Genevieve grabs my hand and drags me inside. The apartment smells of the huckleberry candles her mother gave her and also of hot paint, probably Genevieve mixing up a shade she couldn’t find inside of a Home Depot.

After my dad passed, I spent a lot of time on that living room couch crying into Genevieve’s lap. She promised things would eventually be okay. Her promise actually carried weight since she lost a parent too — versus my friends, who consoled me with pats on the back and awkward glances.

Genevieve is the reason things got better.

Colorful paintings line the hallway walls. There are canvases of alive gardens, circuses where clowns watch ordinary people do tricks, glowing cities below a deep black sea, clay towers melting underneath a harsh sun, and so much more. Her father doesn’t say much about her art, but her mother always bragged about how Genevieve painted rainbows in their proper order before she was old enough to spell her own name.

Creepy china dolls crowd a mail-littered table with a dish for keys. A brochure with Genevieve’s name catches my eye. “What’s this?” I ask, looking at the cabin on the cover.

“Nothing.”

“Nothing is nothing, Gen.” I open the booklet. “An art resort in New Orleans?”

“Yeah. It’s a three-week stay out in the woods working on art with zero distractions. I thought it could be a good space for me to maybe finally finish something but…” Genevieve gives me this sad smile and I hate myself.

“But you couldn’t trust your dumb-idiot boyfriend to be alone.” I hand her the brochure. “I’m done holding you back. If you don’t go, make sure it’s because you want to have sex all summer.”

Genevieve flings the brochure back on the table. “I should probably make sure it’s worth staying for first, right?” She winks and walks deeper down the hall, vanishing into the living room.
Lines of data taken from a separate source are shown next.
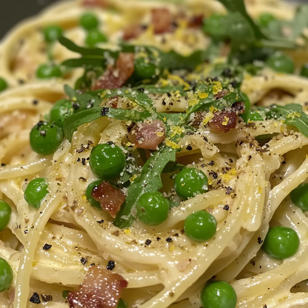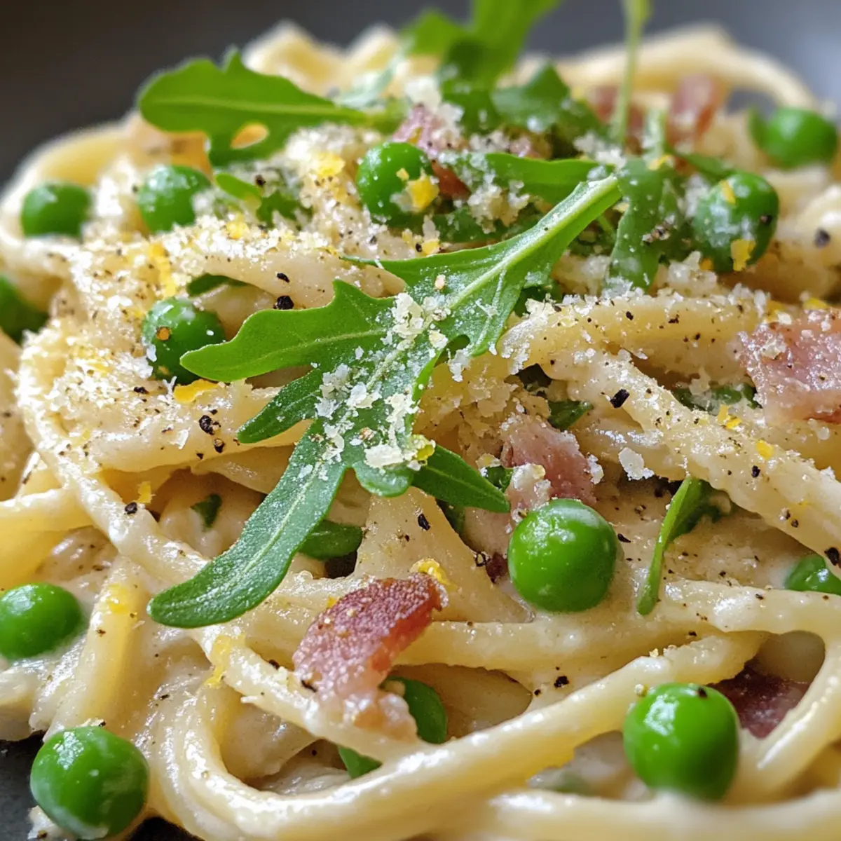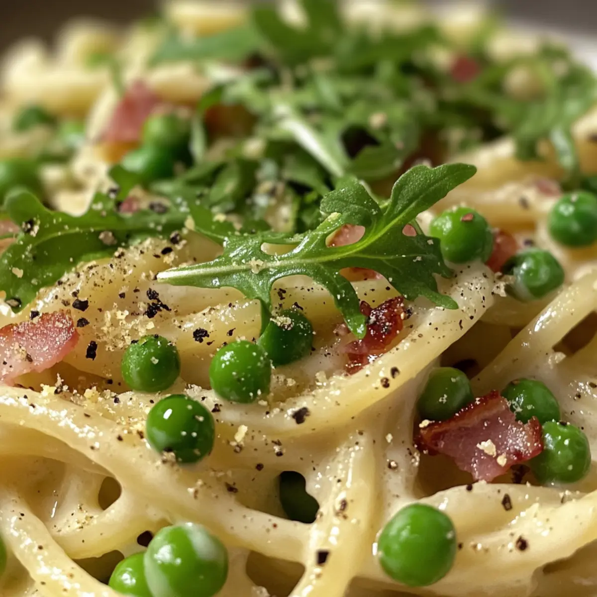 To finish your dish, fold in fresh arugula if using, allowing it to wilt slightly in the heat. Serve your creamy pasta with peas and pancetta in warm bowls, garnishing with extra Parmesan and a sprinkle of lemon zest for an inviting presentation. Celebrate your creation with loved ones and watch them delight in this easy, satisfying meal!
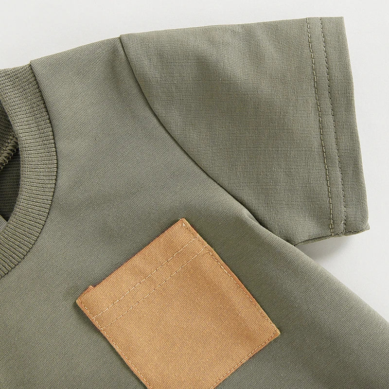 Baby Kids Boys 2Pcs Summer Set Short Sleeve Crew Neck T-shirt with Striped Shorts Outfit
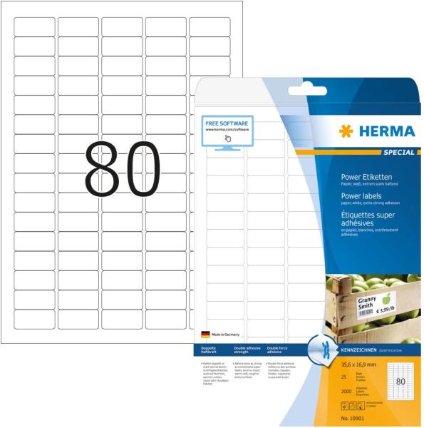 Címke mérete: 35,6 x 16,9 mm Herma 35,6 x 16,9 mm méretű, fehér színű, matt felületű, univerzális, nyomtatható öntapadós etikett címke, A4-es lapon, 2-szer erősebb tapadású ragasztóval (Power Etiketten, Power labels), kerekített sarkokkal. A nyomtató védelme érdekében a címkeív négy ragasztómentes lapszéllel rendelkezik. Megbízható, elakadásmentes nyomtatatási folya
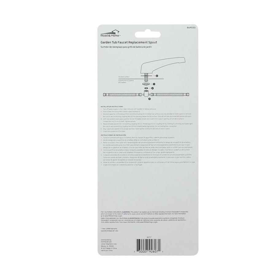 Road & Home Garden Tub Faucet Replacement Spout in Chrome Finish with Non Metallic Construction
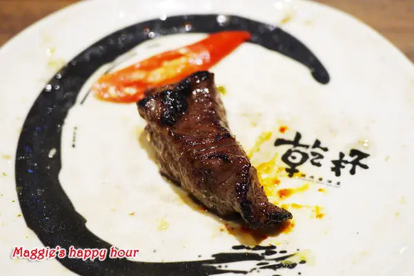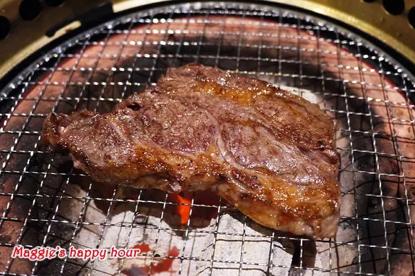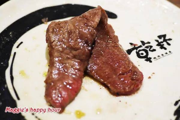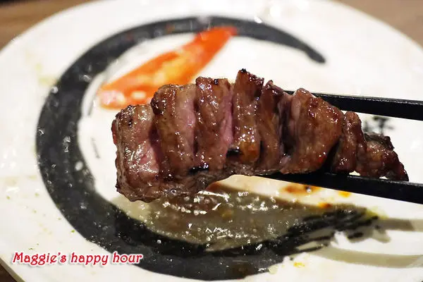 和牛烤好約五分熟吃起來較嫩又帶點嚼勁,經過烤爐逼出油脂,外表呈現油亮亮的樣子,送入嘴裡慢慢咬出甜味,肉質相當不錯。
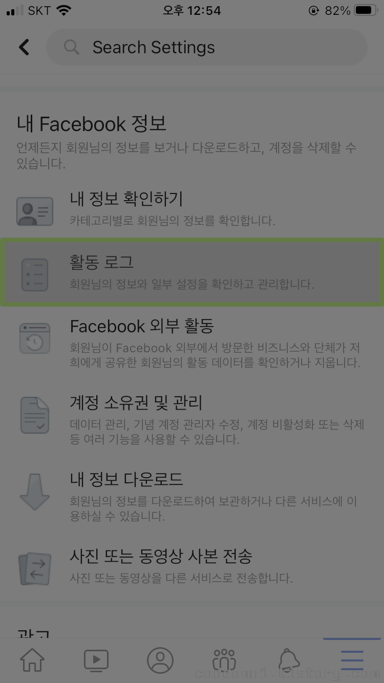▲ 내 Facebook 정보에서 활동 로그를 터치합니다.
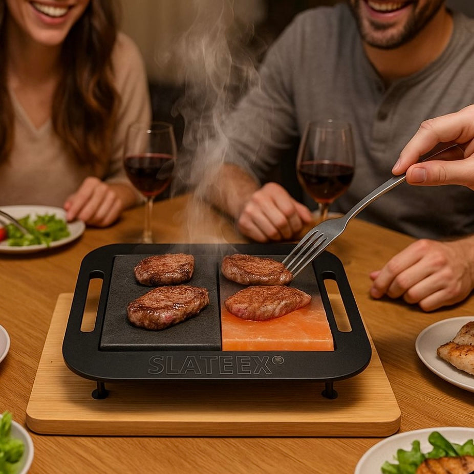 Dieses Naturstein-Duo ist ideal für alle, die beim BBQ auf Abwechslung, Natürlichkeit und ein besonderes Kocherlebnis setzen. Ob Rinderfilet auf Salz oder Garnelen auf Speckstein – mit dem Slateex Grillset holen Sie sich kulinarische Präzision und Vielfalt auf den Grill.

This apartment was so confusing my first time here that I walked in on her father comparing blueprints for a new mall he’s assisting with. Yeah, he has an office in his apartment, and meanwhile I share a living room with my brother and am limited to masturbating in my bathroom. Life sucks that way.

The scent of huckleberry grows stronger as I step inside her bedroom. I see the two candles sitting on top of her bureau, the only source of light in a room dark with unfinished paintings and two sixteen-year-olds about to grow up. Her bed is made with deep blue covers. Genevieve looks like she’s sitting in the middle of the ocean. I drop my bag and push the door closed behind me.

This is it.

“We don’t have to do this if you don’t want to,” Genevieve says. Seems very role-reversal based on all the bad TV I’ve watched, but sweet of her to offer. Or not offer.